To evaluate the comparative performance of the CLF estimator, RSSMs were simulated by taking simple random samples of m sites from the full-mouth exam data for each of 6793 Dental ARIC participants. Specifically, we drew 1000 replicate samples of 6 and 10 sites, and 200 samples of 15, 20, 28, 36 and 42 sites per participant (Figure 1); sites corresponding to missing teeth are not sampled In each sample, present sites were selected without replacement using a random number generator; all six sites on all teeth except third molars were eligible for selection. In cases with fewer than m sites present, all sites were included. For all analyses, we defined the number of sites present as the number of sites with non-missing PD and CAL. For each simulation replicate and RSSM protocol (value of m), the standard and CLF prevalence estimates were computed. For the r-th replicate, bias was defined as the difference in CP prevalence in the population of Dental ARIC participants based on full-mouth examination (πf) and the partial-mouth estimate (π̂r). For each m, the percent relative median bias of the estimators was calculated as 100% times{[πf − med(π̂r)]/πf}, where med(π̂r) is the median of the 1000 (or 200) partial-mouth prevalence estimates. Thus, percent relative median bias summarized the accuracy of CLF and standard estimators relative to the full-mouth prevalence. The 2.5th and 97.5th percentiles of the 1000 (or 200) replicate partial-mouth estimates were also determined, capturing the precision (or variation) of the estimators. Finally, the difference between the percent relative median bias of the standard and CLF estimators was computed to represent the percentage of Dental ARIC participants with CP that would be identified population-wise by the CLF estimator but not by the standard estimator.
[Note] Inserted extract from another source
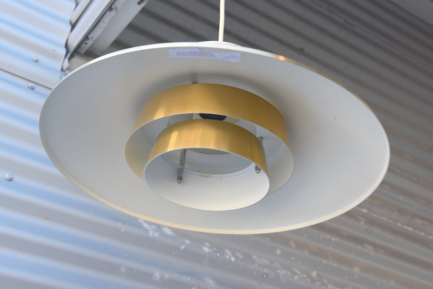 Retro, messing loftslampe. Lampen er hvid lakeret indvendig.

All simulations were performed using SAS version 9.3 (SAS Institute, Cary, NC).

Figure 1.

Figure 1

Steps in the evaluation by simulation of the CLF prevalence estimator. In the formula in the third box, Π, and the expression that follows it, represents a product over (n−1) terms indexed by j=2,…,n; for n=168 tooth sites, the first of these terms where j=2 is 1 − (1 − ρ̂)μ̂ and the last term where j=168 is 1 − (1 − ρ̂)μ̂/(1 + 166ρ̂).

3. Results

Dental ARIC Study Participants

Demographic characteristics of the 6793 Dental ARIC study participants are reported elsewhere (Beck et al., 2006). Briefly, participants were between 52 and 74 years old (mean 62.4 years; SD. 5.63 years) and slightly more than half were female. The vast majority self-identified as white, over 85% completed high school, and they were almost evenly divided between lifetime nonsmokers and current/former smokers. Excluding third molars, participants had an average of 21.2 teeth. Almost a third of the 168 sites were missing (29.9%). The distribution of the number of sites was both highly dispersed and skewed (median 142; mean 126; SD. 41.5; Table S1). The proportion of diseased sites varies by site type (Figure S1) and the within-mouth correlation varies across site pairs (Figure S2). Further descriptive analyses are presented in the supplementary appendix (Table S2).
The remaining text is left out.